_Work instructions_.
Once you reach the line with "Dùng bôi da." below, copy each line exactly, stopping after the line with "Igazi középkori szépség", and skip any pictures.

_Provided entries_.
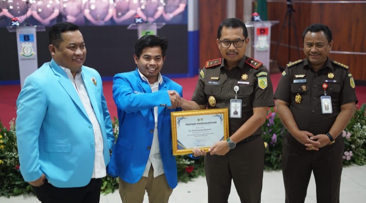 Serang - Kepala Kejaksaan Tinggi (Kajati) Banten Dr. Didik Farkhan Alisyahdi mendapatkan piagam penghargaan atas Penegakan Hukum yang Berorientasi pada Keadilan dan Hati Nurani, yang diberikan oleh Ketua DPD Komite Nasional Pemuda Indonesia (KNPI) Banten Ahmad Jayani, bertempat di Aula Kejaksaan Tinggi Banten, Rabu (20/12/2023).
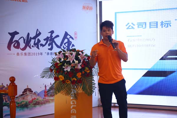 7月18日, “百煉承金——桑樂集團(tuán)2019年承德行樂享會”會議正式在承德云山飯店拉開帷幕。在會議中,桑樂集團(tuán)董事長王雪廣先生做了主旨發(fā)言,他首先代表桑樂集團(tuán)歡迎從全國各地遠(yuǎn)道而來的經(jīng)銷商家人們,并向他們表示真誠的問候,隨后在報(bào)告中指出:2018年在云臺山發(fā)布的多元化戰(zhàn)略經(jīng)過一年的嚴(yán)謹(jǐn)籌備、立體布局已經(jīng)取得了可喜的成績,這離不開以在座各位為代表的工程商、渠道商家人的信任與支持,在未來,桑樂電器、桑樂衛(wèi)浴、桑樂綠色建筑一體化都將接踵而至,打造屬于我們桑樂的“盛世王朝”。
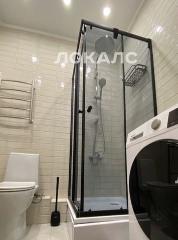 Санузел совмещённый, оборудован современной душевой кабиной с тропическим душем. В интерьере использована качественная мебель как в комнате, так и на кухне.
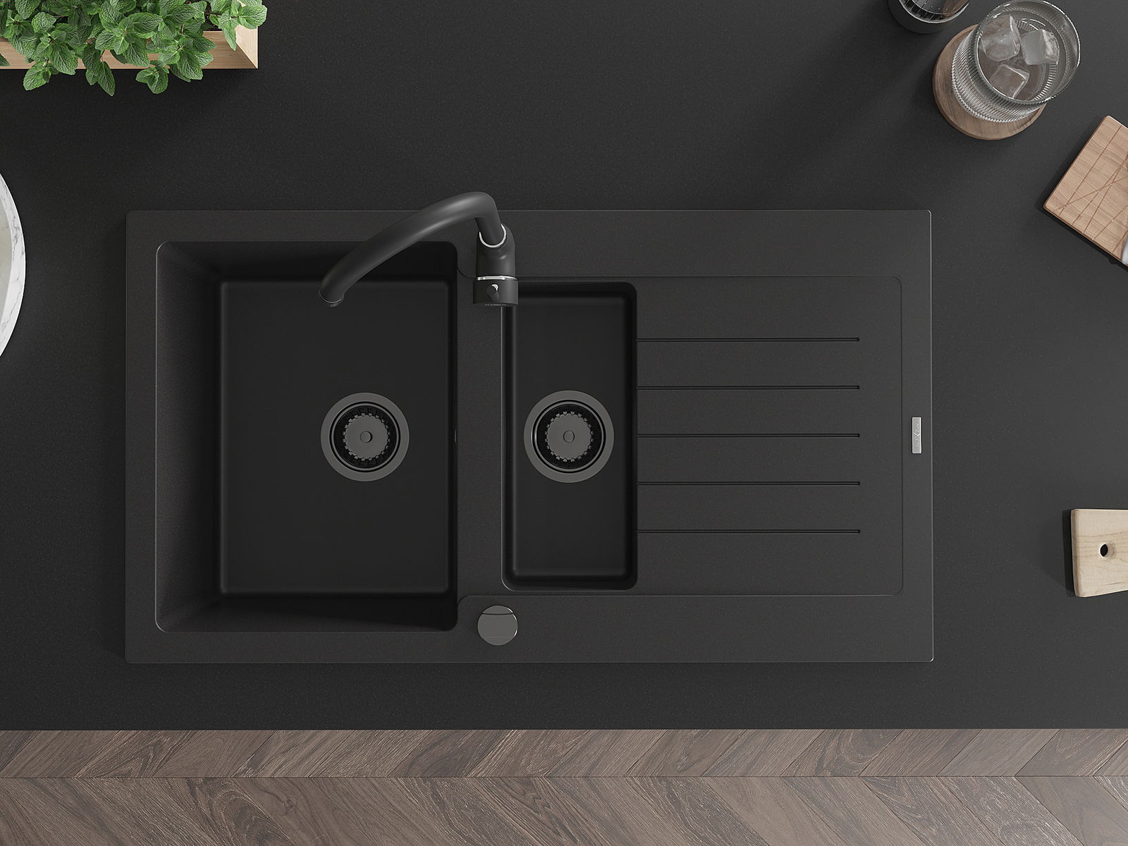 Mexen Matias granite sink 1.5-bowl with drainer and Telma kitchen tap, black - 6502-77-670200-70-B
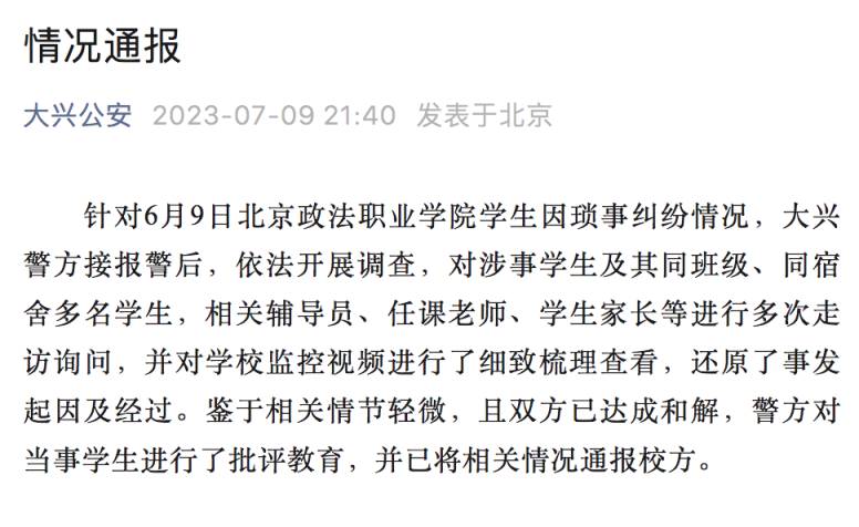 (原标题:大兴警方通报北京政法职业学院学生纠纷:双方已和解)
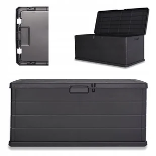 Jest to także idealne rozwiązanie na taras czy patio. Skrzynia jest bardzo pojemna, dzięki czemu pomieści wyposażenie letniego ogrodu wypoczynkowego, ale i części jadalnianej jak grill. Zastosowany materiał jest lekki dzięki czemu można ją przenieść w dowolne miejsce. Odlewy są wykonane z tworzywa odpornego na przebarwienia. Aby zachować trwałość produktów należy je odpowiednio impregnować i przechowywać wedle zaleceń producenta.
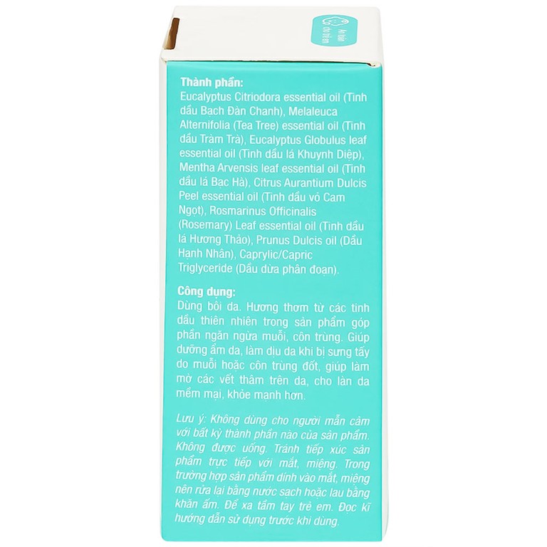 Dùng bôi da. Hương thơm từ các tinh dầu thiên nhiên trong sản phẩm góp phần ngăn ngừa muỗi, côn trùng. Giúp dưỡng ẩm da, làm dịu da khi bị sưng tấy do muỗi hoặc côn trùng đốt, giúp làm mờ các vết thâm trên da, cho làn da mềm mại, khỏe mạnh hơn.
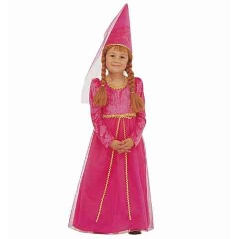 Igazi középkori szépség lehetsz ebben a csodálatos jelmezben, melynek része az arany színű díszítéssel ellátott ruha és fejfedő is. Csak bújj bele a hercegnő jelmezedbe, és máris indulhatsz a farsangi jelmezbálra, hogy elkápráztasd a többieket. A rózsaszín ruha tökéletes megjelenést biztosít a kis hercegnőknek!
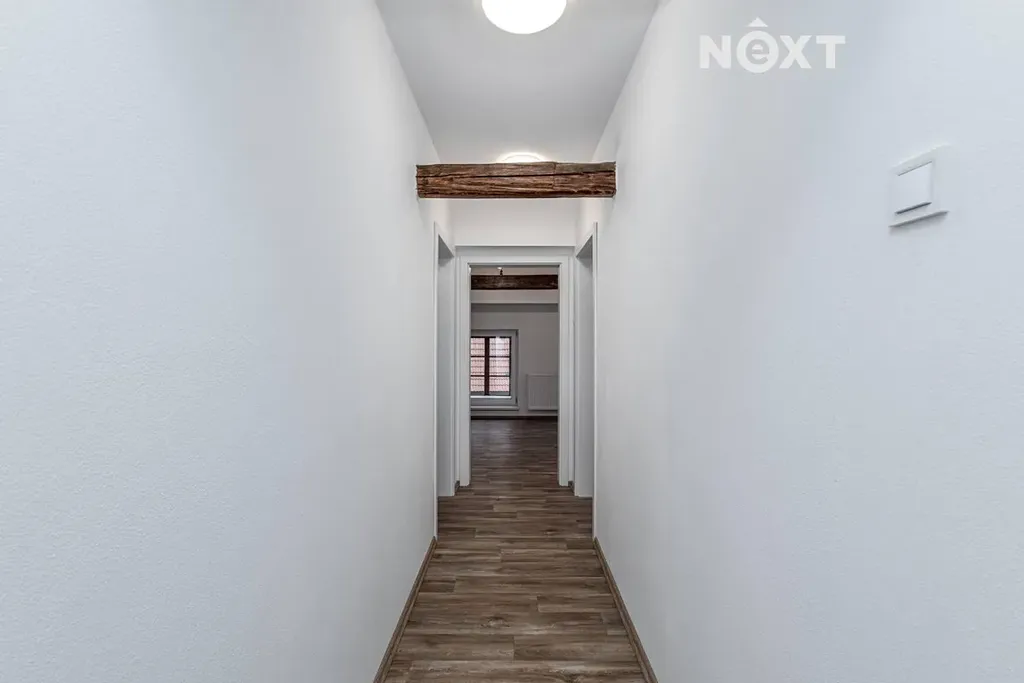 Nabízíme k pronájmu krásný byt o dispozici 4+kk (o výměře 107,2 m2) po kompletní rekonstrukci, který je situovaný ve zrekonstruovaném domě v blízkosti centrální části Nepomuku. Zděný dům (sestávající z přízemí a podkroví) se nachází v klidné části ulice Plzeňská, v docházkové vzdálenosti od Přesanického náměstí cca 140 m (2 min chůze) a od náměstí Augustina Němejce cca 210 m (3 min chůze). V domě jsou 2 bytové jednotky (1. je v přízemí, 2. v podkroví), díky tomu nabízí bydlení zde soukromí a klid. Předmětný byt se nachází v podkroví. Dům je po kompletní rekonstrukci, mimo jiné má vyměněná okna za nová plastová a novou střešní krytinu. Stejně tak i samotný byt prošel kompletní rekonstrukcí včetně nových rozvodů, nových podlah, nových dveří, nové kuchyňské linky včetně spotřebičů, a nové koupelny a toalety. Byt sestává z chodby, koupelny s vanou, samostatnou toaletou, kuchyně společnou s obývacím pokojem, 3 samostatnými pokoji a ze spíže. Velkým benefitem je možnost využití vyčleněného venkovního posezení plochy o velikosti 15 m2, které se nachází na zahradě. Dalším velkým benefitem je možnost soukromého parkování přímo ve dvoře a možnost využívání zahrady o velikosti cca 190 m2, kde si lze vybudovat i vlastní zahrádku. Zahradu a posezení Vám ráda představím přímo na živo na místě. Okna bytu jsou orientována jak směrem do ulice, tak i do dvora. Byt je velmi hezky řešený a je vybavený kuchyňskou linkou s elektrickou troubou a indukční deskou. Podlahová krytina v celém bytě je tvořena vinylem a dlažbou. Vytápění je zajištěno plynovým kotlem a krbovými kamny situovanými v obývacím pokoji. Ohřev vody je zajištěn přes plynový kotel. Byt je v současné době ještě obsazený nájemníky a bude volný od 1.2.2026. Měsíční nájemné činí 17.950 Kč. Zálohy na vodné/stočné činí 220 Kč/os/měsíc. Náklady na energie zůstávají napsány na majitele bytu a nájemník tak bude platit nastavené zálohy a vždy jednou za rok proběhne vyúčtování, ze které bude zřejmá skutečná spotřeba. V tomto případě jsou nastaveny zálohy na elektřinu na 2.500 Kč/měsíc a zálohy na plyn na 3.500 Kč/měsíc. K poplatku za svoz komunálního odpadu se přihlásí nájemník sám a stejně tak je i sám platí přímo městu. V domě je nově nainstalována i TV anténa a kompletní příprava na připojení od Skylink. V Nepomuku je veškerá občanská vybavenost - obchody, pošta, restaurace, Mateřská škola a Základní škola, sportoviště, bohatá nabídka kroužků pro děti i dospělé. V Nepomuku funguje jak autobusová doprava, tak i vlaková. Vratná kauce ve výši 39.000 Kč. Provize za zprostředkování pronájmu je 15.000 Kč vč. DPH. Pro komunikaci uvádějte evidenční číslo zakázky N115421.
--
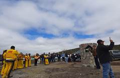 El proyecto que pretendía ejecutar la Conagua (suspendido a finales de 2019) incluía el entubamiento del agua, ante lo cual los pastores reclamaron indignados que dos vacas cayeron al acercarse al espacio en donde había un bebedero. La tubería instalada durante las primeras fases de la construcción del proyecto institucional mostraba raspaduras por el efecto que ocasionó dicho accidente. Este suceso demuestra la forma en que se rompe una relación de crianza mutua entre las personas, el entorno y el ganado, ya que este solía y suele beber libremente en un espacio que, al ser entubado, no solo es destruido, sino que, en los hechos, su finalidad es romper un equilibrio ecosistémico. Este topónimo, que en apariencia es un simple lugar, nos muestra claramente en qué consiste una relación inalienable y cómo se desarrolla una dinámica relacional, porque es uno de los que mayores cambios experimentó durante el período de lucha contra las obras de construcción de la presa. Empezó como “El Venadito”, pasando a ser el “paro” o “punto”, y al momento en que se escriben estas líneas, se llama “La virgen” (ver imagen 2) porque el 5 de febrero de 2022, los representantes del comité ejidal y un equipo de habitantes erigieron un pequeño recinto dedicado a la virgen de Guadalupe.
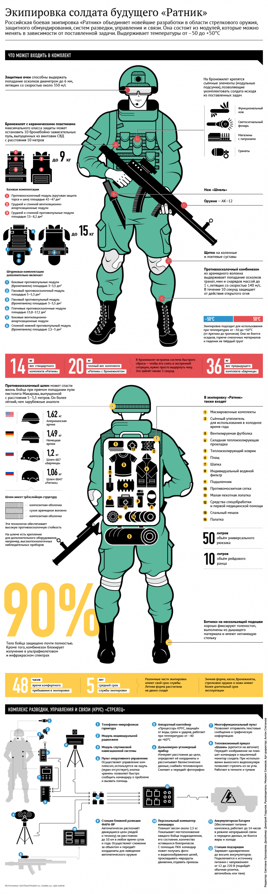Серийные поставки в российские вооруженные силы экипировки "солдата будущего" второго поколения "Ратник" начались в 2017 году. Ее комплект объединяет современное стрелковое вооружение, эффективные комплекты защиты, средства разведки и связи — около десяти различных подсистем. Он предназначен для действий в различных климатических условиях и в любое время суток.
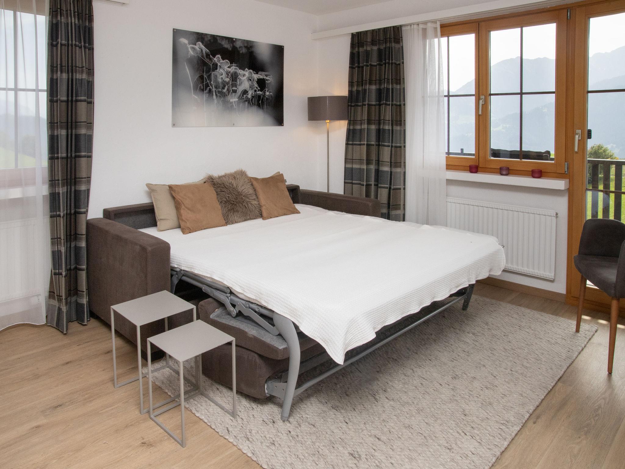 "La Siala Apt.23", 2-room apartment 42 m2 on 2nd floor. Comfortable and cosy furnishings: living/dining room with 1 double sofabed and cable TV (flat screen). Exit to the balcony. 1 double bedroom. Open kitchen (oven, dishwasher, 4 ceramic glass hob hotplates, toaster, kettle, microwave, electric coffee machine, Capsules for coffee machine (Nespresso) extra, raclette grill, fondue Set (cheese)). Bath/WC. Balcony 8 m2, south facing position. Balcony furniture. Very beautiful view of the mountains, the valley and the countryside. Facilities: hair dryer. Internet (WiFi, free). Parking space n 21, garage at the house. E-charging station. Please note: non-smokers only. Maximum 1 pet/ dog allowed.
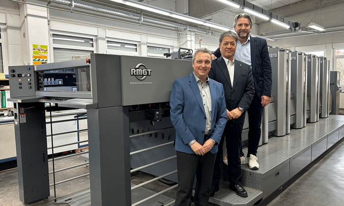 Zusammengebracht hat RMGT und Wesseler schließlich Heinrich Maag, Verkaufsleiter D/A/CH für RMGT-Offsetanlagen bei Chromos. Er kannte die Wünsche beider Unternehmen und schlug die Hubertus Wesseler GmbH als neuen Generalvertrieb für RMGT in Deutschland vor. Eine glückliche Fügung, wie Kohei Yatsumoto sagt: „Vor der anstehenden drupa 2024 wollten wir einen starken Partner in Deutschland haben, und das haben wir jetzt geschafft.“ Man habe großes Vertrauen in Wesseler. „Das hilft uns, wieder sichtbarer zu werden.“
--
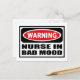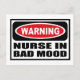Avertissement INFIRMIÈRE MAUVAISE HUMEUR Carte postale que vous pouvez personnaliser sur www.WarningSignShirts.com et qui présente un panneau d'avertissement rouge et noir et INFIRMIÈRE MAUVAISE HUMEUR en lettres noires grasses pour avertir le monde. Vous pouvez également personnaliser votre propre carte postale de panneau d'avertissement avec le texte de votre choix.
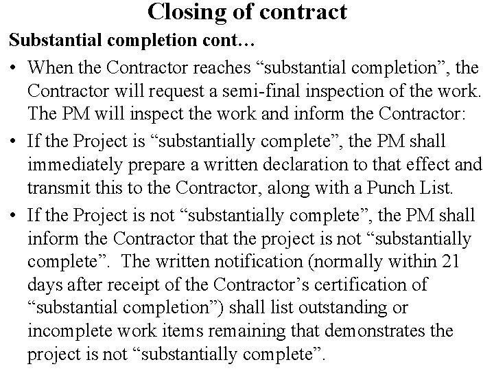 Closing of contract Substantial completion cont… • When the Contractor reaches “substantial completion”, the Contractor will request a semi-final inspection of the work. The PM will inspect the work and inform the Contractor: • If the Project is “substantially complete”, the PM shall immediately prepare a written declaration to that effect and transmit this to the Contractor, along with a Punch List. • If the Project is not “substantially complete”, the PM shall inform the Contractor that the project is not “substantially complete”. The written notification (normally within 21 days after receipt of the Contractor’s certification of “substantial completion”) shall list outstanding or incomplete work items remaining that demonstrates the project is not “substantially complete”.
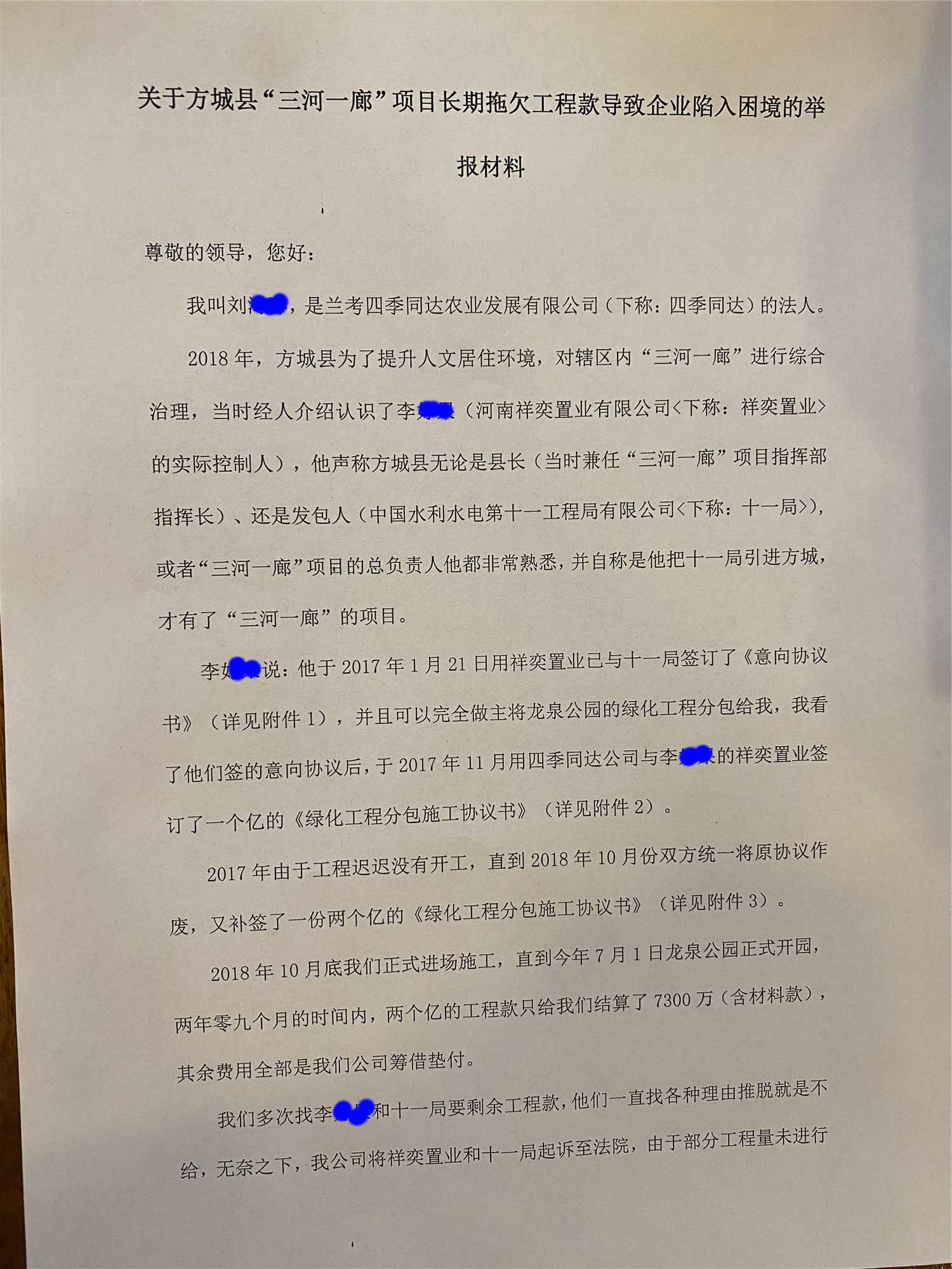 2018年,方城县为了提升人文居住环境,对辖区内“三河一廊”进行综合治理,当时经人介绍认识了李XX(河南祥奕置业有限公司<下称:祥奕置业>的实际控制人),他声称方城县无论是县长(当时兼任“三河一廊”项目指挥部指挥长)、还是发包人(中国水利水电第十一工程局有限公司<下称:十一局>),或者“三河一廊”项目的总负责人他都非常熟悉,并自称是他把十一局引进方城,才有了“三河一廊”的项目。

_Solution_.
 Dùng bôi da. Hương thơm từ các tinh dầu thiên nhiên trong sản phẩm góp phần ngăn ngừa muỗi, côn trùng. Giúp dưỡng ẩm da, làm dịu da khi bị sưng tấy do muỗi hoặc côn trùng đốt, giúp làm mờ các vết thâm trên da, cho làn da mềm mại, khỏe mạnh hơn.
 Igazi középkori szépség lehetsz ebben a csodálatos jelmezben, melynek része az arany színű díszítéssel ellátott ruha és fejfedő is. Csak bújj bele a hercegnő jelmezedbe, és máris indulhatsz a farsangi jelmezbálra, hogy elkápráztasd a többieket. A rózsaszín ruha tökéletes megjelenést biztosít a kis hercegnőknek!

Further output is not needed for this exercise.